In the end the poison of them entered her soul, corroded her sentiments towards him, dissolved the love she had borne him, and transformed it into venom. She would not have him now if he did penitence for his disaffection by going in sackcloth and crawling after her on his knees for a full twelvemonth. But neither should he have Ruth if she could thwart his purpose. On that she was resolved.

Had she but guessed that he watched them from the windows, waiting for her to take her departure, she had lingered all the morning, and all the afternoon if need be, at Ruth's side. But being ignorant of the circumstance—believing that he had already left the house—she presently quitted Ruth to go indoors, and no sooner was she gone than there was Blake replacing her at Ruth's elbow. Mistress Wilding met him with unsmiling, but not ungentle face.

“Not yet gone, Sir Rowland?” she asked him, and a less sanguine man had been discouraged by the words.

“It may be forgiven me that I tarry at such a time,” said he, “when we consider that I go, perhaps—to return no more.” It was an inspiration on his part to assume the role of the hero going forth to a possible death. It invested him with noble, valiant pathos which could not, he thought, fail of its effect upon a woman's mind. But he looked in vain for a change of colour, be it ever so slight, or a quickening of the breath. He found neither; though, indeed, her deep blue eyes seemed to soften as they observed him.

“There is danger in this thing that you are undertaking?” said she, between question and assertion.
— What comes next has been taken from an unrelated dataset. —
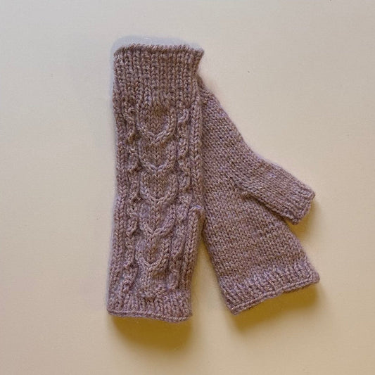 Rokām adīti gaiši pelēki pirkstaiņi ar skujiņas rakstu plaukstas virspusē (INVA 41)

“It is not my wish to overstate it; yet I leave you to imagine what the risk may be.”

“It is a good cause,” said she, thinking of the poor, deluded, humble folk that followed Monmouth's banner, whom Blake's fine action was to rescue from impending ruin and annihilation, “and surely Heaven will be on your side.”

“We must prevail,” cried Blake with kindling eye, and you had thought him a fanatic, not a miserable earner of blood-money. “We must prevail, though some of us may pay dearly for the victory. I have a foreboding...” He paused, sighed, then laughed and flung back his head, as if throwing off some weight that had oppressed him.

It was admirably played; Nick Trenchard, had he observed it, might have envied the performance; and it took effect with her, this adding of a prospective martyr's crown to the hero's raiment he had earlier donned. It was a master-touch worthy of one who was deeply learned—from the school of foul experience—in the secret ways that lead to a woman's favour. In a pursuit of this kind there was no subterfuge too mean, no treachery too base for Sir Rowland Blake.

“Will you walk, mistress?” he said, and she, feeling that it were an unkindness not to do his will, assented gravely. They moved down the sloping lawn, side by side, Sir Rowland leaning on his cane, bareheaded, his feathered hat tucked under his arm. Before them the river's smooth expanse, swollen and yellow with the recent rains, glowed like a sheet of copper, so that it blurred the sight to look upon it long.

A few steps they took with no word uttered, then Sir Rowland spoke. “With this foreboding that is on me,” said he, “I could not go without seeing you, without saying something that I may never have another chance of saying; something that—who knows?—but for the emprise to which I am now wedded you had never heard from me.”

He shot her a furtive, sidelong glance from under his heavy, beetling brows, and now, indeed, he observed a change ripple over the composure of her face like a sudden breeze across a sheet of water. The deep lace collar at her throat rose and fell, and her fingers toyed nervously with a ribbon of her grey bodice. She recovered in an instant, and threw up entrenchments against the attack she saw he was about to make.

“You exaggerate, I trust,” said she. “Your forebodings will be proved groundless. You will return safe and sound from this venture, as indeed I hope you may.”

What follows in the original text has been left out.